Shreya: I think a good answer to this is what the textbook says and then what we found that is different from what the textbook says. And what the textbook will tell you for machine learning is first you collect data (step one), and then you train a model (step two). Step three is to validate that model on a holdout data set and ensure there’s no overfitting. And then step four is you deploy. And what we found is that we can still categorize it into four steps. And maybe the data collection part is similar except that it’s more of a loop like every, I don’t know, a week or so we want to collect new data.
But the rest of the steps last three steps are totally different. The second step, what I said before model training is actually experimentation. In general, whether it be training new models, whether it be trying to source new data, or adding new features, there are a lot of ways you can think about improving a model. And a lot of the participants actually preferred to look into finding new data that gave new signal or making features more fresh instead of stale features that they had before. So that’s kind of step two, stage three in the process we call evaluation and deployment. So evaluation is not a one-and-done thing. What happens is, evaluation is done maybe on a holdout data set first, and then it’s deployed to a small fraction of users. And then when the model shows a little promise, then increasingly it’s deployed to more and more users. As we learn more about what it can do, what it can’t do, what failure modes exist, how do we go and catch problems until we’ve kind of gotten to the full population?
So the key takeaway is evaluation is not a one-time thing. It is a loop on evaluation and deployment of multistage deployment. And then the latest step four, which we found was this overall monitoring and response stage, which was when you do have these models in production. What is their live performance? If you see the performance dropping, what are the bugs? Where are the bugs? How do we respond to them quickly, whether that be actually trying to go do root cause analysis, or simply retraining the model, there is a stage around making sure that there’s little downtime for these services. So we do have those four stages shown in the first figure in the paper. And it was interesting to several of us authors, that they don’t match the textbook, I think that’s like kind of our tip that we want people to take away.

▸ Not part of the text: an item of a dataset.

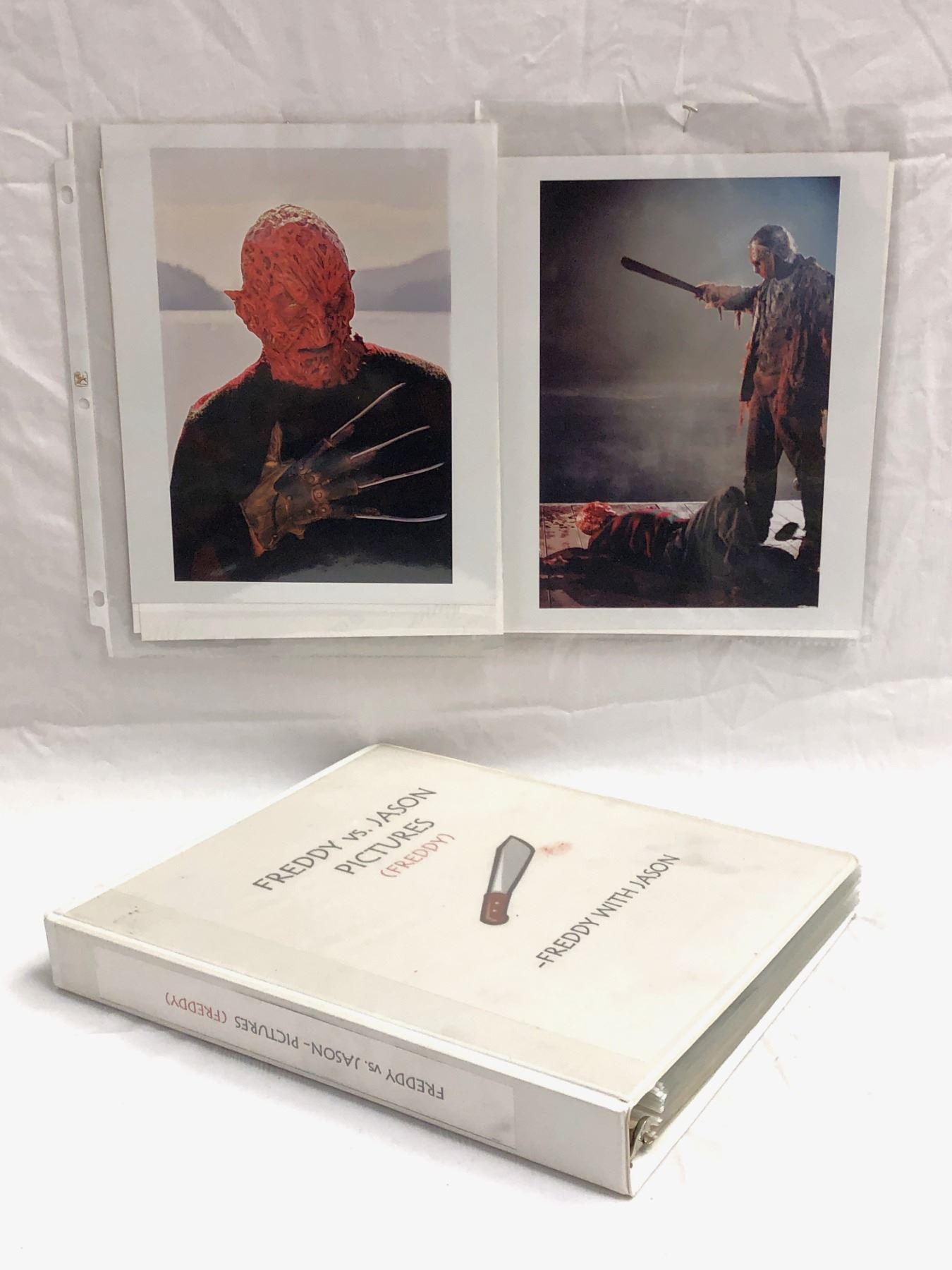 "Freddy vs Jason" Movie - Collectible Freddy onset photographs folder - includes multiple shots of Freddy in multiple poses, some with Jason

The 3 factors that determine the success of ML projects
Hugo: So something I’m really excited about is you’ve identified three key properties of ML workloads and infrastructure that dictate how successful deployments are. What are they and why are they?
Shreya: We have these three V’s they’re not even related, or we didn’t even know about the big data three V’s: these three V’s are velocity, validating, and versioning. And why did we come up with these three V’s? We wanted some way to explain kind of best practices and pain points, as we were looking for patterns in what our interviewees said. And since we asked such open-ended questions, they’re in the appendix. But we ask open-ended questions like tell me about a bug you had last week, something that caused you things like that are so open-ended, they’re so hard to extract patterns from. So it helped us to come up with these variables like velocity, people kept mentioning that they needed to iterate quickly on experiments, because they had a large frontier of ideas to try, and they wanted to see something that would give a production.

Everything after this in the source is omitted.